Feature Pyramid Networks for Fast R-CNN

이번에는 Fast R-CNN에 FPN을 적용해본다. Fast R-CNN의 핵심은 RoI Pooling이며 RoI Pooling은 single scale feature map에서 수행된다. 따라서, Fast R-CNN에 FPN을 적용하기 위해선 각 pyramid level에서 서로 다른 scale의 RoI를 할당한다.
아래 공식은 RPN에서 만들어진 RoI의 크기에 따라 어떤 pyramid level에서 RoI Pooling을 수행할 것인지 결정하는 것. w, h는 RPN에 의해 그려진 RoI의 width, height (아래 수식에서 양옆에 사용된 기호는 대괄호가 아니라 소숫점 내림 연산)
```
k = \lfloor k_0 + log_2(\sqrt{wh}/224) \rfloor
```
224는 ImageNet pre-training size이며 k_0는 target level이다. ResNet 기반의 Faster R-CNN에서는 C_4 크기의 single-scale feature map을 사용하므로 여기서 k_0를 4로 설정한다.
만약 k=3이라면 해당 RoI는 P3 feature map을 가지고 RoI Pooling을 적용함
RoI Pooling을 통해 feature를 7x7 크기로 만들고 1024 f.c layer를 2개 붙인 다음 classification layer와 bounding box regression layer에 연결함

Experiments

Region Proposal with RPN

COCO에서 Average Recall을 평가함. AR_s, AR_m, AR_l은 small, medium, large object를 의미하며 AR^100, AR^1k는 proposal의 개수. “feature” column은 head 부분과 연결되는 feature map

FPN/Untitled%209.png

윗쪽 row에서 baseline on conv4, 5는 RPN을 어느 feature map에서 수행할 것인지 나눈 것. (a), (b) 둘다 hyper-parameter와 anchor{32^2, 64^2, 128^2, 256^2, 512^2}의 크기는 서로 같음. (a), (b)는 feature pyramid 구조 아님.
(b)가 (a)에 비해 이렇다 할 advantage가 없음. 즉 single higher-level feature map만으론 resolution과 strong semantic 사이의 trade-off가 잘 이루어지지 않는다.
FPN(c)을 적용했을 때 AR^1k가 8point가량 증가하였고 small object AR도 크게 증가하였음. 따라서 제안하는 FPN을 사용했을 때 object scale variation에 대해 robust한 결과를 보여줌

How important is top-down enrichment?

(d)는 top-down pathway없이 bottom-up pathway에서 lateral connection을 이용하여 feature pyramid 구조를 만든 모델.
(d)는 RPN과 비슷한 성능을 보여줌, FPN보다는 떨어짐.
top-down pathway를 사용하지 않고 bottom-up pathway에서 만들어진 pyramid feature들은 각 level간의 semantic gap이 크기 때문에 결과가 좋지 않은 것으로 추측

How important are lateral connections?

(e)는 top-down feature pyramid 방식인데 1x1 lateral connection을 사용하지 않은 모델.
top-down pyramid 구조이기 때문에 strong semantic feature를 갖지만 이러한 feature들이 down-sampling되고 up-sampling되는 빈도가 많기 때문에 feature의 location이 부정확해질 수 있음
location of feature는 finer level의 bottom-up feature에서 lateral connection을 통해 top-down map으로 전달되기 때문에 lateral connection을 사용하지 않으면 location 정보의 정확도가 떨어질 수 있다.
결과적으로 (e)는 FPN에 비해 AR^1k score가 10point가량 뒤떨어짐

How important are pyramid representations?

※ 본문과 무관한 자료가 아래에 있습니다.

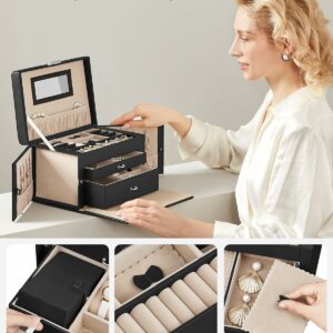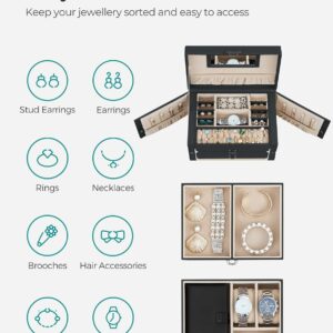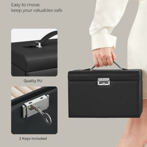 SONGMICS Ékszerdoboz 3 szintes, 2 fiókkal, tükörrel, fogantyúval, kulcsos zárral, 18x26x17cm, fekete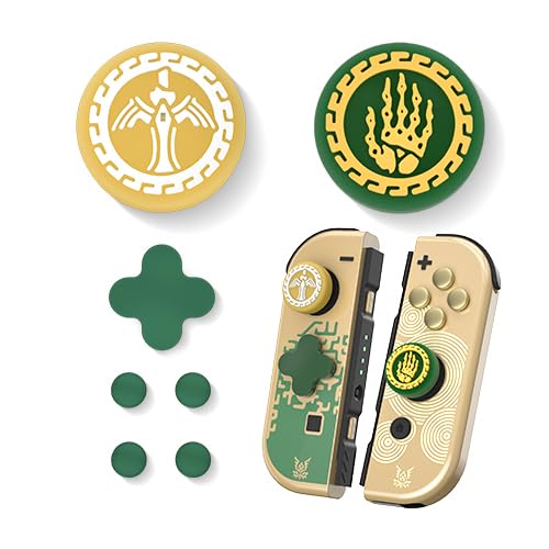 Enhance your gaming experience with the Yebowe Switch Thumb Grip Caps. These cute and comfortable joystick covers are designed for the Switch/OLED/Lite controllers. Made of premium silicone material, they provide extra height and radius for increased precision and comfort while gaming. The caps are easy to install, fitting perfectly on the Joycon controller joystick to protect them from damage. With their Legend of Zelda: Tears of The Kingdom theme, these thumb grip caps add a touch of style to your gaming setup. Enjoy better control and grip during gameplay with these high-quality thumbstick caps.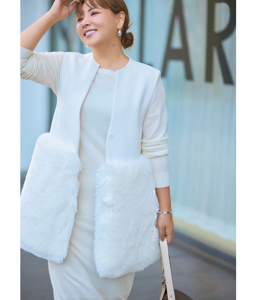 ジレを軸に品格ファッションの代名詞〝オールホワイト”に挑戦。ジレ¥26,400(CELFORD)ワンピース¥110,000(エクストリーム カシミア/ガリャルダガランテ 青山店)バッグ¥39,600(LORISTELLA/DES PRÉS)ピアス¥36,520(バルブス/ZUTTOHOLIC)バングル¥28,600(ワンエーアールバイウノアエレ/ウノアエレ ジャパン)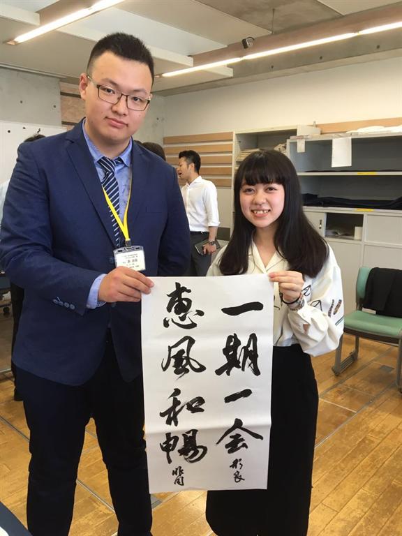 首先,作为本次出行的主旨,代表团访问了大东文化大学与中京大学,与两校师生进行深切的交流。大东文化大学的建学理念是"东西文化的融合",在中国学、日本学及书道等领域中有所建树。11日下午,在日本谦慎书道会理事长、大东文化大学书道研究所所长高木茂行教授的亲自示范后,ac米兰官网中文网站与大东文化大学的学生们进行一对一共同创作书法作品。通过书写、交谈,双方怀着理解与合作之心,渐入佳境,最后创作出令大家惊艳的作品。交流不仅局限于书法作品,在短暂的两个小时的交流中,中日同学们热情交谈、互赠礼物,交流彼此的大学生活与两国文化。在依依不舍结束交流环节后,日方学生代表还带同学们参观了书法学科的艺术走廊与大东文化大学图书馆。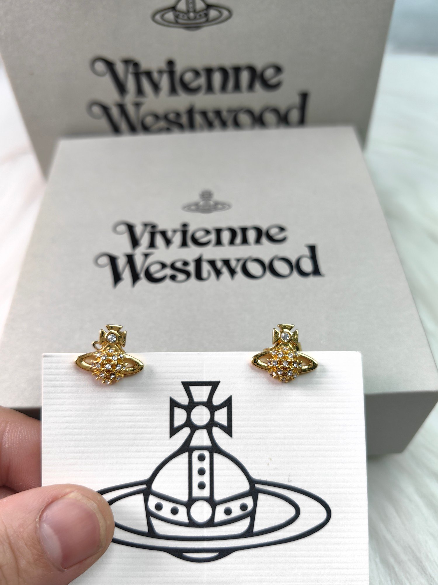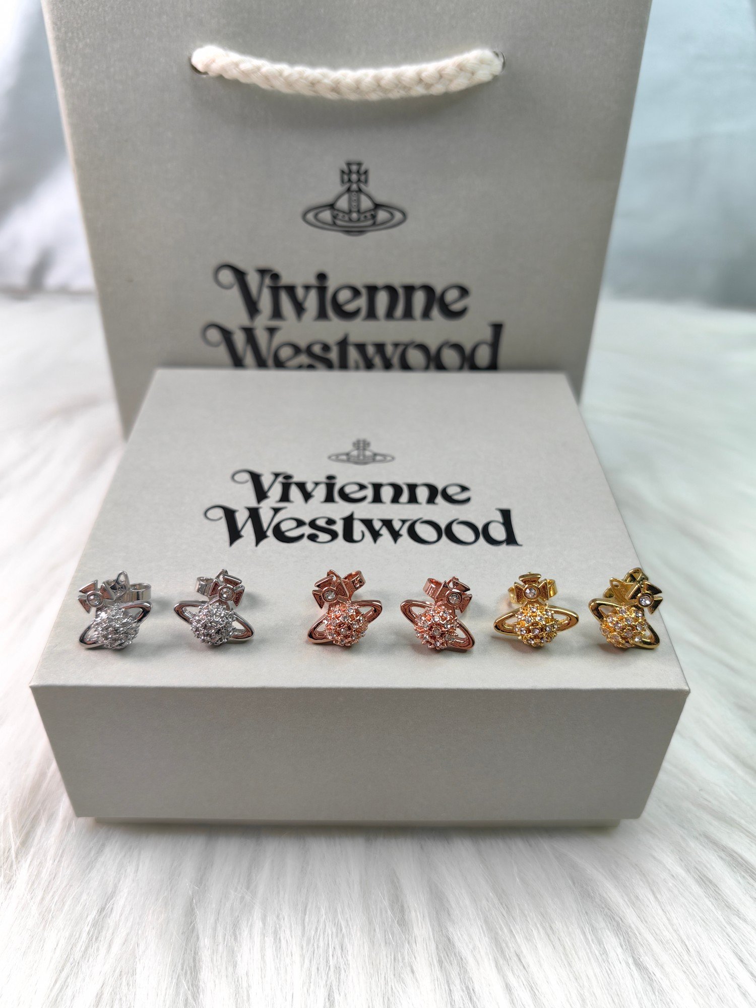 弧形镶钻小土星耳钉

여러 pyramid level의 feature를 사용하는 것이 아니라 하나의 feature만 사용했을 때(P2)
single-scale baseline과 비슷하게 P2 feature map에서만 anchor를 할당함. (f)는 (a), (b)보단 성능이 좋음. 이는 RPN이 고정된 window size로 sliding 하지만 여러 pyramid level로 부터 만들어진 feature map에서 scanning하는 것이 scale variance 측면에서 더 robust하기 때문. 어쨌거나 FPN보다는 성능이 안 좋음
P2의 spatial size가 매우 크기 때문에 상당히 많은 750k 개의 anchor를 사용했음에도 불구하고 성능이 개선되지 않았다는 점에서 단순히 anchor 개수가 많다고 성능이 올라가는 것은 아님

Object Detection with Fast/Faster R-CNN

proposal 방법을 Table 1의 (c)에 사용된 proposal로 fix해놓고 비교함

FPN/Untitled%2010.png

(a)는 C_4 feature map에 conv layer를 추가하여 head로 연결, 나머지는 “feature” column의 feature map에 2f.c layer 연결
(a), (b)보다 (c)에서 모든 성능 개선이 이루어짐. 제안하는 feature pyramid 방식은 region-base object detector에서도 효과적임을 보여줌

Faster R-CNN (on consistent proposals)

baseline (a), (b) (multi-scale anchor box)가 기존의 Faster R-CNN보다 AP@0.5 성능이 좋음. 그 이유는 600x600이 아닌 800x800 image를 input으로 사용했다는 점, 이미지 하나에서 512개의 RoI를 사용했다는 점, 4개가 아닌 5개의 multi-scale anchor를 사용했다는 점, 테스트 시 이미지 당 1000개의 proposal을 사용했다는 점에서 성능이 향상됨

Extensions: Segmentation Proposals

FPN을 Segmentation에도 적용했을 때

Conclusions

CNN 안에 feature pyramid 구조를 만드는 심플한 framework을 제안함
다양한 실험과 competitions에서 FPN을 사용했을 때 성능이 증가함을 보여줌. 따라서 제안하는 feature pyramid solution은 image pyramid 같이 추가적인 computing 필요 없이도research, application에 적용할 수 있는 효과적인 solution임
또한 Deep CNN은 strong representational power와 scale variation에 대한 robustness를 가지고 있지만 pyramid representation을 사용하여 multi-scale problem을 다루는 것이 중요하다는 것을 보여줌

References

https://medium.com/@jonathan_hui/understanding-feature-pyramid-networks-for-object-detection-fpn-45b227b9106c

Feature Pyramid Networks for Object Detection

Abstract

Introduction

Feature Pyramid Networks

Bottom-up pathway

Top-down pathway and lateral connections

Applications

Feature Pyramid Networks for RPN(Region Proposal Network)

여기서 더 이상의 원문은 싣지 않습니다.